As the autumn and winter seasons approach, new data from the Oregon Health Authority (OHA) show a clear and troubling trend: when air quality worsens, Oregon’s emergency rooms (ERs) and urgent care clinics are seeing significant increases in visits for breathing problems, mental health symptoms, and other pollution-related health issues.
Poor Air Quality and Rising Health Visits
OHA’s recently updated “Air Quality & Health Outcomes” dashboard tracks near-real-time health trends including ER and urgent care visits alongside daily air quality measures.

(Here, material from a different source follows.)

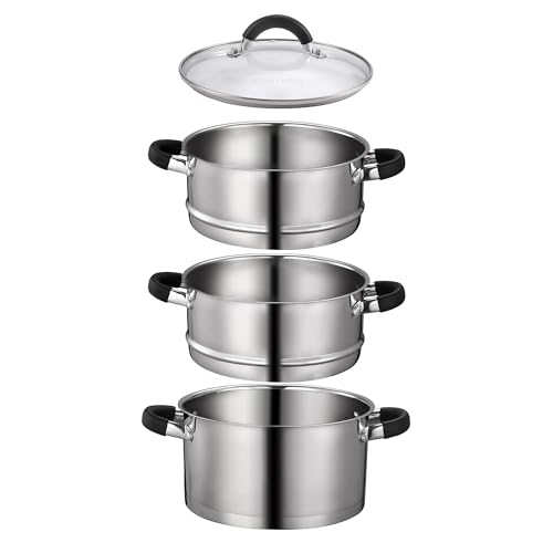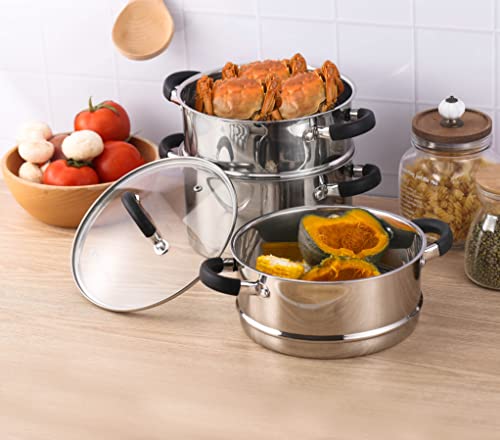 Royal Cuisine 3 Tier Stainless Steel Steamer Cooking Pot 22cm Multi Layer Pan with Glass Lid Stackable Veg Steamer Food for Vegetables Induction Cookware with Silicone Handles
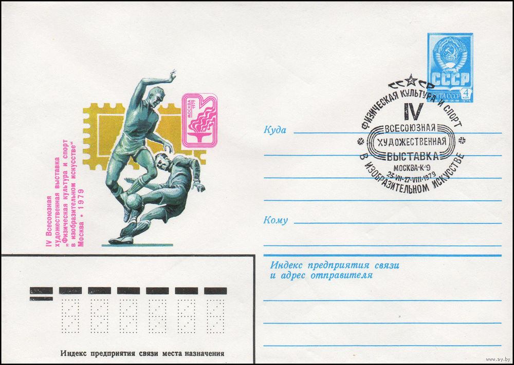 Художественный маркированный конверт СССР N 79-370(N) (04.07.1979) IV Всесоюзная художественная выставка "Физическая культура и спорт в изобразительном искусстве" Москва 1979

Analysis reveals the following key increases:
- During the 2020 wildfire events, the statewide increase in visits for asthma-like illnesses jumped by about 25% compared to the preceding four-week period.
- In the Portland tri-county region in 2022, respiratory issue visits were up: 44% in Washington County, 35% in Clackamas County, and 7% in Multnomah County versus the 2016-2019 average.
- Among Hispanic and Latino Oregonians during major smoke episodes: roughly a 30% increase in asthma-related visits compared to ~22% among other populations.
- On days of poor air quality, the number of visits tied to anxiety, stress, and other mental-health symptoms also rose statewide.
This data suggests that the impact of poor air quality goes beyond lungs and leaves — it reaches mental health and community well-being too.
What the Data Shows at a Glance
Here’s a table summarising some of the standout figures from the OHA dataset:
| Measure | Change Observed | Notes / Region |
|---|---|---|
| Asthma-like illness visits during 2020 wildfires | ~ +25% | Statewide increase during major air event |
| Increase in respiratory visits — Washington County (2022) | +44% | Portland tri-county area |
| Increase in respiratory visits — Clackamas County (2022) | +35% | Portland tri-county area |
| Increase in respiratory visits — Multnomah County (2022) | +7% | Same region |
| Increase among Hispanic/Latino population during smoke events | ~ +30% | Disparity vs ~22% for other populations |
| Mental-health / stress-related visits on poor air days | Data show meaningful rise | Statewide, across multiple categories |
Why This Matters
These trends are significant for several reasons:
- Ambient air-pollution events — such as wildfire smoke or inversion-layer episodes — are becoming more frequent and intense in Oregon, raising the risk of respiratory and mental-health burdens.
- Hospitals and clinics may face surges in patient volume on days with degraded air quality, making preparedness essential.
- Disparities in the impact (e.g., higher increases in Hispanic/Latino communities) underscore equity concerns — some populations bear a heavier health burden.
- The link between environmental conditions and mental-health outcomes is often overlooked, yet the data show clear associations.
Given that the dashboard data are updated weekly and cover both air-quality indicators (like daily maximum PM2.5 levels) and health outcomes (ER and urgent care visits), public-health officials now have more timely insight to respond.
What Public Health Officials Are Doing
OHA and local health departments are using the data to:
- Forecast resource surges ahead of known air-pollution or wildfire-smoke events.
- Issue targeted public-health alerts to communities most at risk (including those with pre-existing conditions or located in smoke-prone regions).
- Integrate air-quality monitoring with climate-resilience planning, so that hospitals, clinics and local agencies can align readiness with environmental threats.
- Expand the monitoring system to include new health-measures (e.g., hospitalisations) and additional pollutant analyses.
What Residents Should Know
If you live in Oregon — especially in areas prone to wildfires or air-quality lapses — it’s wise to:
- Monitor air-quality alerts and stay indoors on days rated “unhealthy” or worse.
- Be aware of existing lung conditions (such as asthma, COPD) and mental-health triggers (stress, anxiety) that may respond to poor air quality.
- Ensure that your urgent-care or ER access is understood, and consider contacting your provider when symptoms spike.
- Pay attention to local health-department guidance — many issue warnings and specific tips when air quality deteriorates.
The new health-data dashboard from Oregon’s health agencies provides compelling evidence: as air quality worsens, more Oregonians are heading into emergency rooms and urgent care clinics — not only for respiratory issues but also for mental-health related symptoms.
With notable surges in specific counties and among certain populations, the implications are wide-ranging. It’s a stark reminder that environmental health and public health are deeply intertwined.
Preparedness, equity-focused outreach and individual awareness will all play a role in managing the next poor-air-quality event.